Studio album by the Swirling Eddies
- Released: 1988
- Recorded: Asylomar Studios, Costa Mesa, California
- Genre: Rock
- Label: Alarma
- Producer: Camarillo Eddy

The Swirling Eddies chronology
|  | Let's Spin! (1988) | Outdoor Elvis (1989) |

= Let's Spin! =

Let's Spin! is the debut album by rock band the Swirling Eddies. It was released in 1988 on Alarma Records.

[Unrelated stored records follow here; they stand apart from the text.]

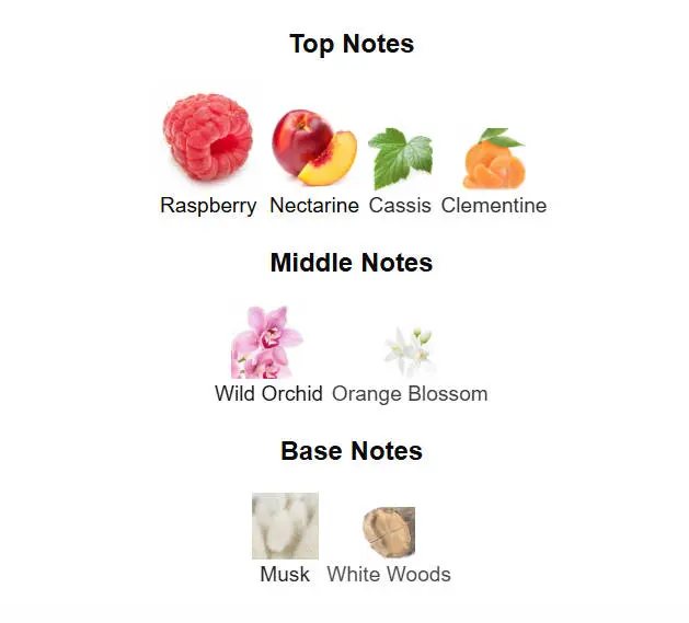 The fragrance opens with a burst of juicy clementine and nectarine, complemented by the sweet notes of cassis and raspberries. The heart notes feature wild orchid and orange blossom that add an exotic touch to this scent. The base notes are composed of wild musk and blonde woods that give it an earthy yet sensual finish.
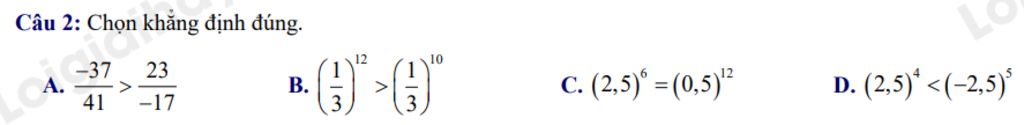 `D.` Sai vì `(2,5)^4 > (-2,5)^5`
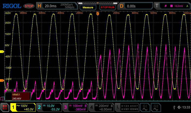 I'm just interested in the small ripples in the blue square. These appear just when the big load is switched on. I understood that the Arduino code calculates an error (following the trigger point? I don't have the code, just the picoverter code), then corrects the PWM of the sinusoid every 100Hz. So depending on the trigger point position, the PWM update may be delayed. If I rephrase my question in more adequate terms: did these ripples disappear when the Arduino adjusted its PWM or is it a coincidence? Sorry if I'm not clear enough or if I misunderstood / misinterpreted. I'm trying to understand the overall operation, but between my mind and the Austrian translation, bits are lost!! |
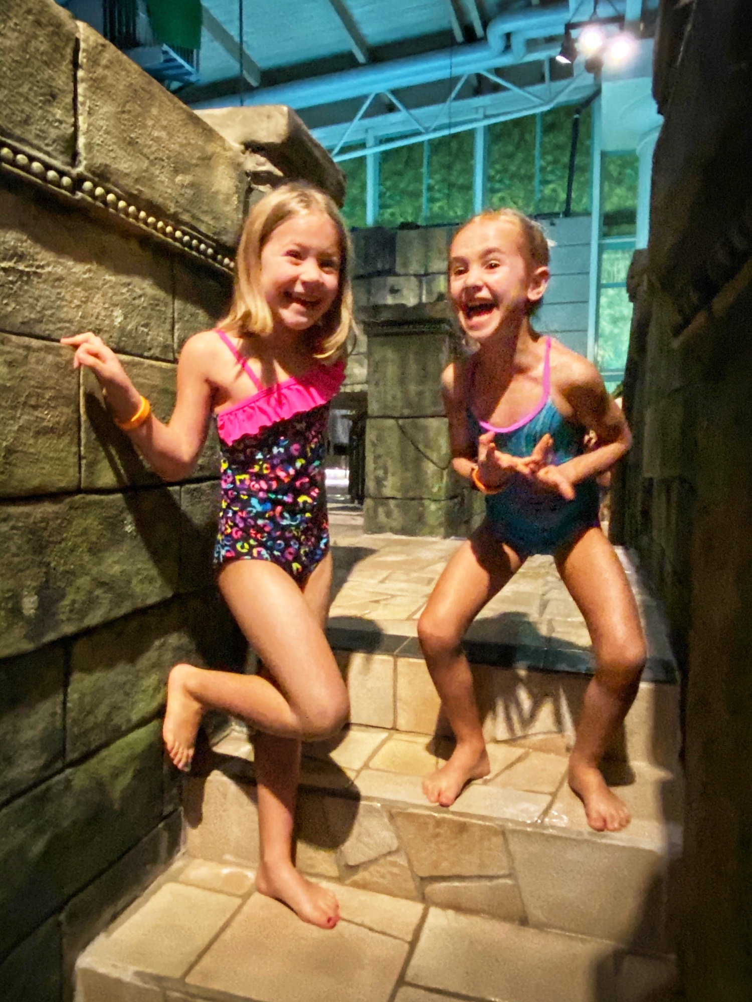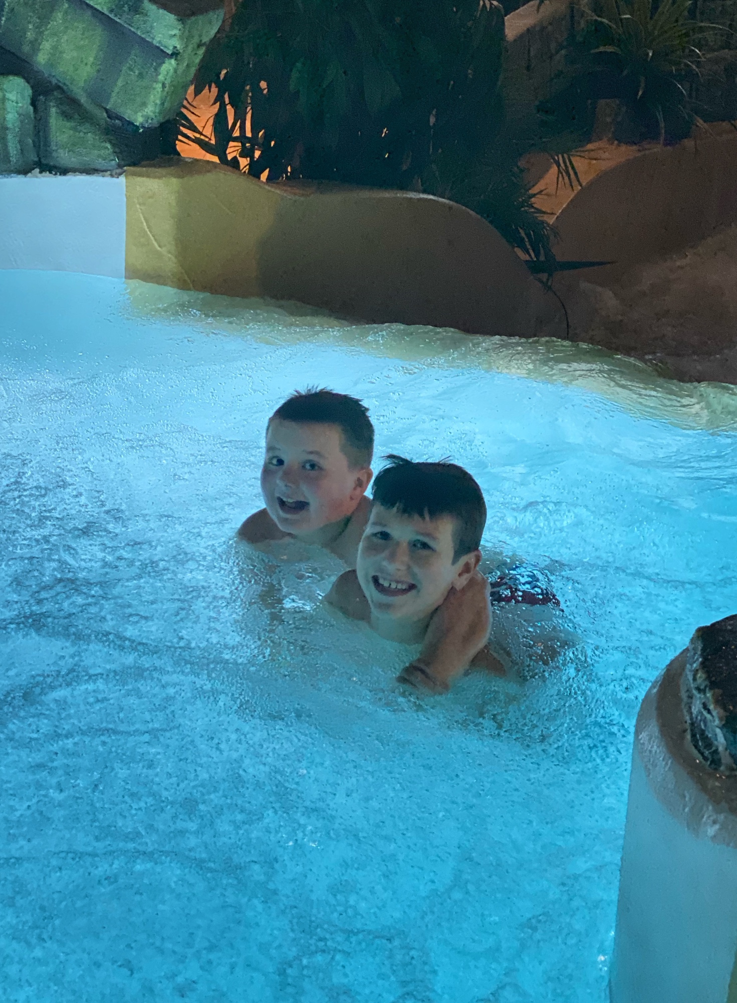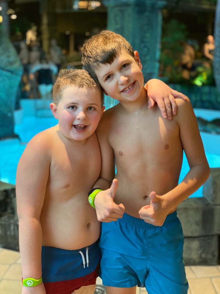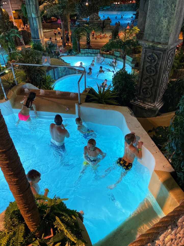 The next day the kids were VERY excited to walk to the jungle-themed thermal water park, about one mile from where we were staying. We sang songs and stopped at every single statue for a photo op along the way!

Although the true identities of the Swirling Eddies were later revealed, it remained a complete mystery for most people at the time of this album's release. Frontline Records helped to launch the Swirling Eddies debut release with a "Guess the Eddies" contest. Fliers and magazine advertisements were distributed that included clues as to the identities of the Eddies. Contest participants were able to submit their own lists of who they thought the Eddies might be.

Professional ratings
Review scores
| Source | Rating |
| AllMusic | Star |

==Track listing==

Side one
1. "Let's Spin!" - 4:12 (Camarillo Eddy)
2. "Catch That Angel" - 4:19 (Eddy)
3. "The Unsuccessful Dutch Missionary" - 0:08 (Eddy)
4. "The Big Guns" - 4:35 (Eddy)
5. "Rodeo Drive" - 4:27 (Eddy)
6. "Ed Takes a Vacation (A Suite)" - 5:50 (Lyrics: Eddy; music: Eddy, Gene Pool, Berger Roy Al)

Side two
1. "Snowball" - 4:13 (Eddy, Pool, Roy Al, Hort Elvison)
2. "I've Got an Idea" - 4:10 (Eddy)
3. "Don't Ask Me How I Feel" - 6:27 (Eddy)
4. "Ed Again" - 0:35 (Eddy)
5. "What a World, What a World" - 5:05 (Eddy)

==Personnel==
- Camarillo Eddy: rhythm guitar, vocals.
- Gene Pool: lead guitar, keyboards.
- Arthur Fhardy: keyboards.
- Spot: guitars.
- Berger Roy Al: bass guitar.
- Hort Elvison: drums.

Additional musicians
- Jany Macklebee: backing vocal, spoken word on "Snowball".
- Buckeye Jazzbo: horn.
- Horns performed by the Horns O' Plenty under the direction of Buckeye Jazzbo.

Production notes
- Engineered by Doug Doyle.
- Mixed by Camarillo Eddy and Doug Doyle.
- Recorded and Mixed at Asylomar Studios, Costa Mesa, California.
- Art Direction and Design by Jeb McSwaggart.